ABOUT THE COMPANY OF BLIND MEN AND THE
CHARACTERISTICS OF THE ELEPHANT. *

“Not far from Ghúr once stood a city tall
Whose denizens were sightless one and all.
A certain Sultan once, when passing nigh,
Had pitched his camp upon the plain hard by,
Wherein, to prove his splendour, rank and state,
Was kept an elephant most huge and great.
Then in the townsmen's minds arose desire
To know the nature of this creature dire.
Blind delegates by blind electorate
Were therefore chosen to investigate
The beast, and each, by feeling trunk or limb,
Strove to acquire an image clear of him.
Thus each conceived a visionary whole,
And to the phantom clung with heart and soul.

When to the city they were come again,
The eager townsmen flocked to them amain.

Each one of them—wrong and misguided all—
Was eager his impressions to recall.
Asked to describe the creature's size and shape,
They spoke, while round about them, all agape,
Stamping impatiently, their comrades swarm
To hear about the monster's shape and form.

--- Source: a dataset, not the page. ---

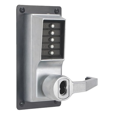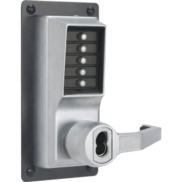 'Mechanical Push Button Exit Trim, Handle Type Lever, Function Entry with Key Override, Key Override Options Replaceable Core Schlage, Hand Right, Finish Satin Chrome, Door Thickness 1-3/8 In. to 2-1/4 In., Keypad 5 Button, Vandal Resistant, ADA Compliant Yes, 3 hr. Fire Rated, Case Material Zinc, Series LP1000, Max. User Codes 1, Weather Resistant Yes, Includes Installation Manual, Full-Scale Template, Combination Change Tool, And Required Lock Installation Hardware Only, Mechanical'

Now, for his knowledge each inquiring wight
Must trust to touch, being devoid of sight,
So he who'd only felt the creature's ear,
On being asked, ‘How doth its heart appear?’
‘Mighty and terrible,’ at once replied,
‘Like to a carpet, hard and flat and wide!’

Then he who on its trunk had laid his hand
Broke in: 'Nay: nay! I better understand!
'Tis like a water-pipe, I tell you true,
Hollow, yet deadly and destructive too”;
While he who'd had but leisure to explore
The sturdy limbs which the great beast upbore,
Exclaimed, ‘No, no! To all men be it known
'Tis like a column tapered to a cone!’

Each had but known one part, and no man all;
Hence into deadly error each did fall.
No way to know the All man's heart can find:
Can knowledge e'er accompany the blind?
Fancies and phantoms vain as these, alack!
What else can you expect from fool in sack?
Naught of Almighty God can creatures learn,
Nor e'en the wise such mysteries discern.”

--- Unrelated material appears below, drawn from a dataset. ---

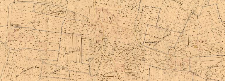 Ecart de Kergadou : Le bâti est assez dense dans la partie ouest de l'écart et se développe le long de la route dans la partie est vers Keranchas. Plusieurs campagnes de construction entre le début du 19e jusqu'au milieu du 20e. Certaines maisons portent les dates de 1832 et 1858. Quelques maisons présentent les caractéristiques de l'habitat de la première moitié du 19e siècle : rez-de-chaussée, étage de comble, petites ouvertures en façade sud et murets fermant la parcelle principale.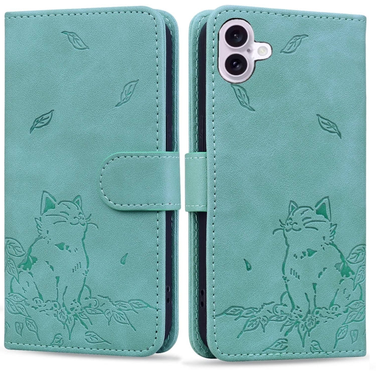 Funda de Piel para iPhone 16 Estampado de Gato (Verde)

The Dìwàn, in my judgment, contains poetry of a far higher order than the Ḥadìqa; so much higher that one might almost be tempted to doubt whether the same author composed both, were it not for the unquestionable fact that Persian poets seldom excel in all forms of verse, so that, to take one instance only, the qaṣìdas of Anwarí excel those of Ḥáfidh by as much as the ghazals of Ḥáfidh excel those of Anwarí. The follow­ing specimens from the Díwán of Saná'í must suffice, though his work in this field well deserves a closer and more extended examination:—

“Boast not * dervish-hood unless the store of storelessness * be
thine:
Neither rogue-like deck thy visage, nor like craven-heart
repine.
Either woman-like adopt the toilet-tricks of paint and scent,
Or like men approach the field, and cast the ball across the
line. *
All thou see'st beyond thy lusts is Heaven; clasp it to thy soul:
All thou findest short of God's an idol; break it, crush it fine!
Dance when like the headsman's carpet heart and soul lie
'neath thy feet:
Clap thy hands when earth and heaven in thy grasp thou dost
confine!
From the bowers of meditation raise thy head, that thou may'st
see
Those who still, though slain, are living, * rank on rank and line
on line.
There are those who, like Ḥusayn, have fallen by the tyrant's
sword;
Here are these who, like Ḥasan, by poison met their fate
malign.
Wondrous is the zeal of Faith, wherein, like candle, waxing
faint,
By removal of thy head thy radiance doth brighter shine. *
For the Jew in this arena fearless casts himself amain,
And the Brahmin in this temple burns his idol at the shrine.